▶ _INPUT DATA_

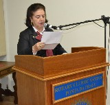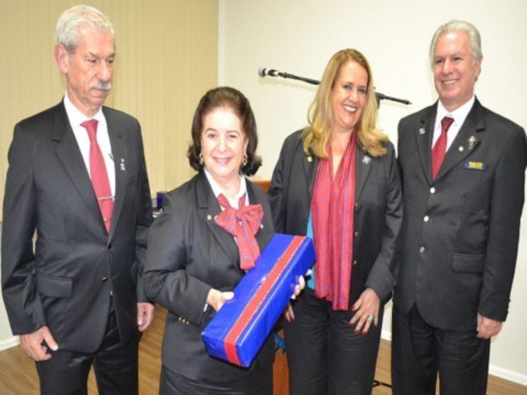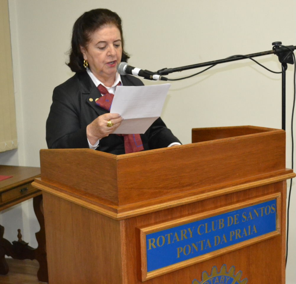 Ela agradeceu a presença de todos e falou sobre a importância de estar envolvida em Rotary, junto a pessoas de bem. Vivemos entre pessoas de bem, abnegados que buscam o ideal de servir. É um prazer enorme fazer parte desse clube e representar o distrito. O caminho é longo e difícil, mas juntos, como uma família, poderemos ir adiante, disse a presidente transformadora.
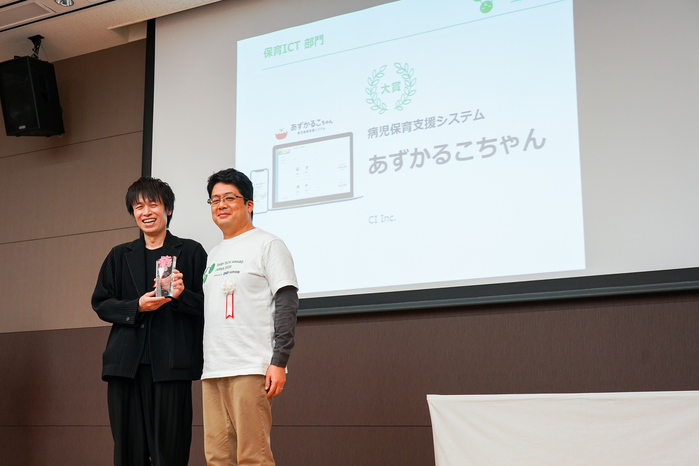 今回は、子ども支援に関わるすべての人が励まされる賞を設定していただきありがとうございます。また、「BabyTech® Award Japan 2020 powered by DNP 大日本印刷」保育ICT部門にて「あずかるこちゃん」が大賞という評価をいただき、とても光栄に思っております。ありがとうございました。
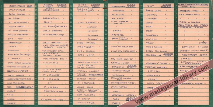 This is the first of two sheets comprising the original index to a set of 237 photographic slides from the visit of Quaker Overseas Volunteer Francis Hambly to Madagascar in 1963.

▶ _WHAT IS EXPECTED_
Only the pictures stay out; everything else in the listing above must be repeated exactly.

▶ _FINISHED TASK_
 Ela agradeceu a presença de todos e falou sobre a importância de estar envolvida em Rotary, junto a pessoas de bem. Vivemos entre pessoas de bem, abnegados que buscam o ideal de servir. É um prazer enorme fazer parte desse clube e representar o distrito. O caminho é longo e difícil, mas juntos, como uma família, poderemos ir adiante, disse a presidente transformadora.
 今回は、子ども支援に関わるすべての人が励まされる賞を設定していただきありがとうございます。また、「BabyTech® Award Japan 2020 powered by DNP 大日本印刷」保育ICT部門にて「あずかるこちゃん」が大賞という評価をいただき、とても光栄に思っております。ありがとうございました。
 This is the first of two sheets comprising the original index to a set of 237 photographic slides from the visit of Quaker Overseas Volunteer Francis Hambly to Madagascar in 1963.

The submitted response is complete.